What is truly consequential are the games that begin next Wednesday when the Knicks open the regular season versus the Cleveland Cavaliers as the fourth-highest betting favorite as established by major sports gaming companies. 

The team they host has the second-highest odds behind only the defending NBA champion Oklahoma City Thunder. If the Thunder do ultimately win their second straight title, they will be the league’s first repeat champion since the Golden State Warriors back-to-back wins in 2017 and 2018. 

After losing to the Indiana Pacers in six games in last season’s Eastern Conference Finals, the bar is set high for the Knicks. Merely reaching the conference finals again won’t be viewed as a successful season in the eyes of rabid fans who raucously celebrated outside of MSG last May as if the Knicks won the whole thing after they defeated the Boston Celtics in the conference semifinals 4-2. 
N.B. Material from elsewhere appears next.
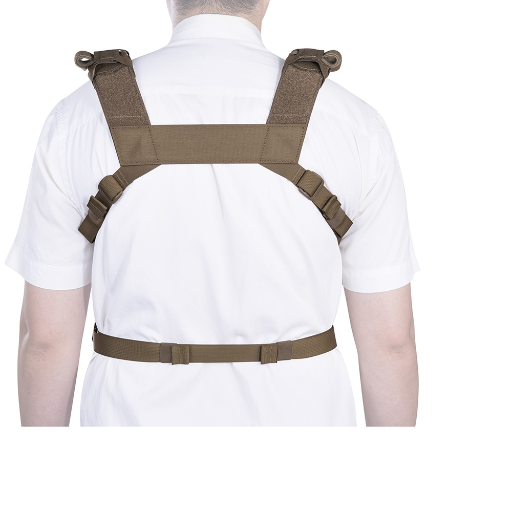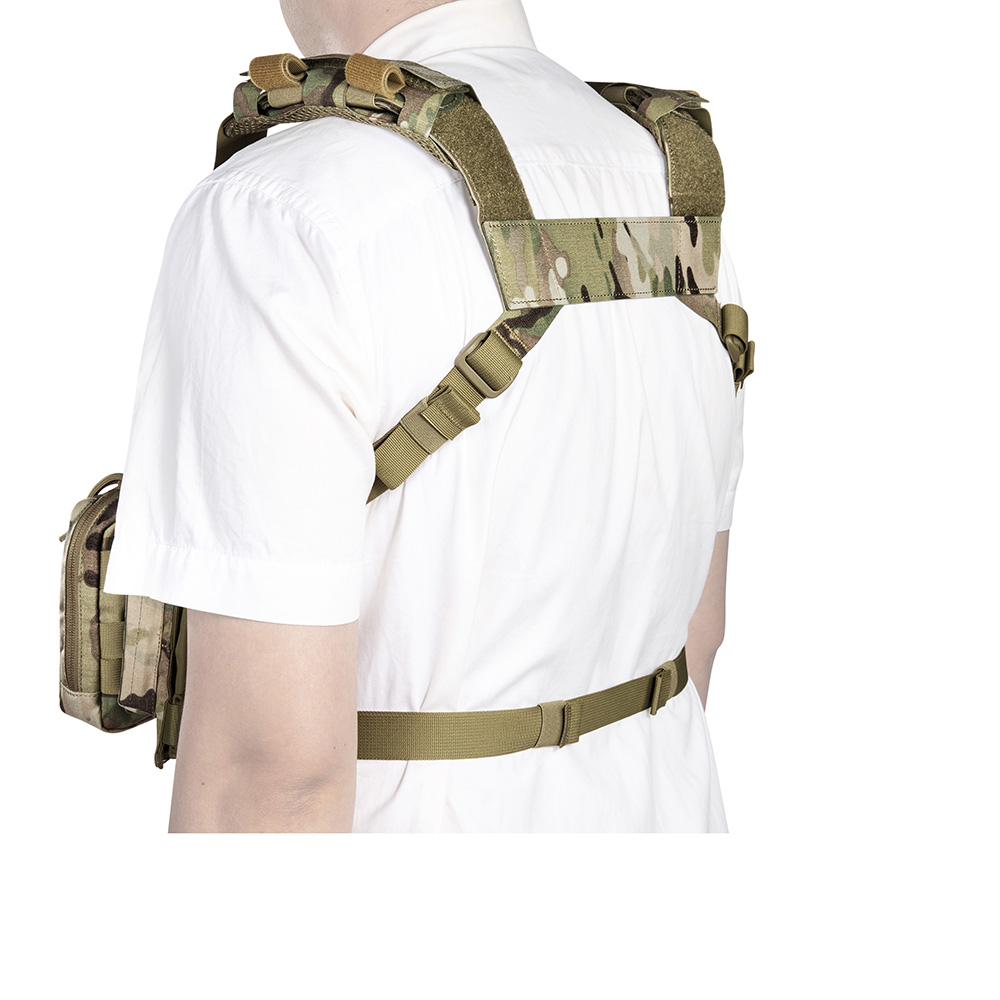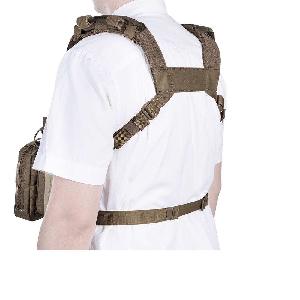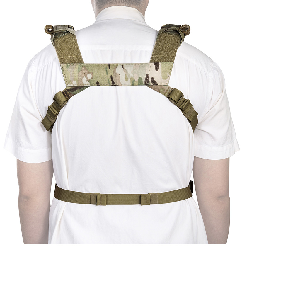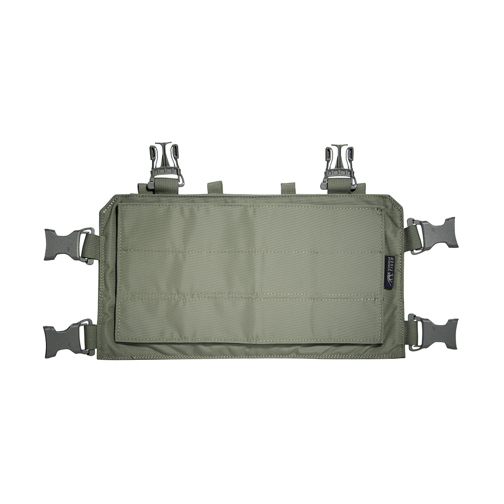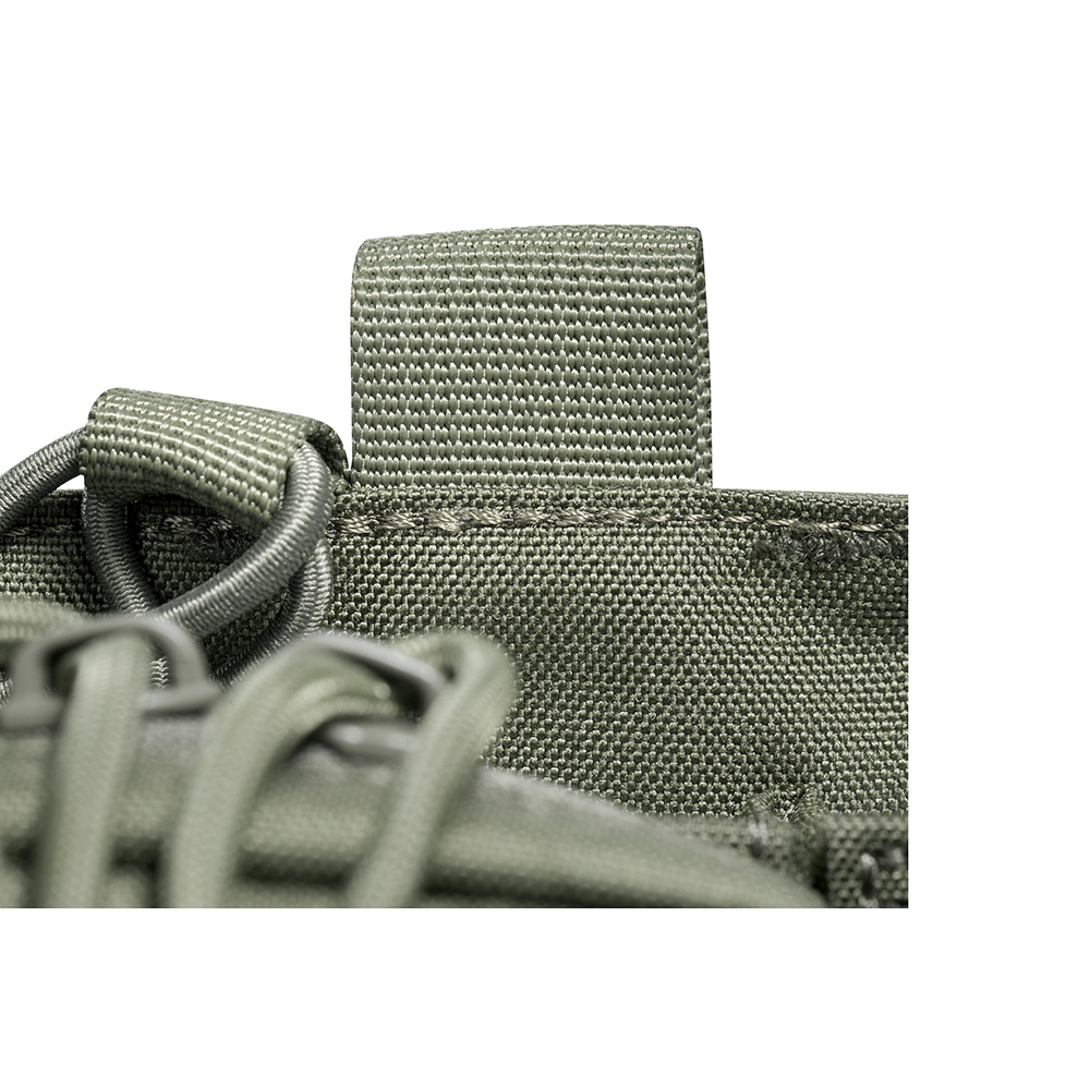 Flat chest rig with four fixed magazine pouches, detachable side pouches and front flap with hook & loop fastening for size M SAPI plates. The TT Modular Chest Rig M4x4 features MOLLE in laser-cut design and can be combined with the TT Modular Chest Rig Pack. It can also be attached to plate carriers. Removable shoulder pads are included.

Ask Tom Thibodeau the same thing if you run into him. The former Knicks head coach was canned after leading the team to 101 combined victories over the past two regular seasons, scaling from the conference semis in 2023-24 season to the conference finals the following campaign. 

These improvements were obviously not good enough for Knicks owner James Dolan and team president Leon Rose. Enter 55-year-old veteran coach Mike Brown, a two-time NBA Coach of the Year with the Cavaliers in 2009 and Sacramento Kings in 2023. Yes, each night will be analogous to a Broadway show and he’ll be centerstage in the spotlight, replacing the 67-year-old Thibodeau with the mandate to win a championship. 

How else could his charge be characterized other than finals or bust? But this Knicks squad still needs more size and proven depth when measured against the Thunder, Cavaliers and Houston Rockets, the latter being the third betting favorite after the rising young team added all-time great Kevin Durant this past summer via the Phoenix Suns. 

The first thing Brown said at the Knicks’ annual Media Day last month: “I don’t know if anyone has higher expectations than me. I love being in a position where you have expectations.”

Knicks All-Star guard Jalen Brunson, speaking in late August on his podcast “Roommates Show,” co-hosted with Villanova and Knicks teammate Josh Hart, said his goals have long remained the same.

“My definition of success has not changed,” Brunson said. “You win or you don’t succeed.” 

Brunson’s zero-sum mentality must permeate the roster from head coach to the last man to achieve their objective of snatching the Knicks’ first title since 1973.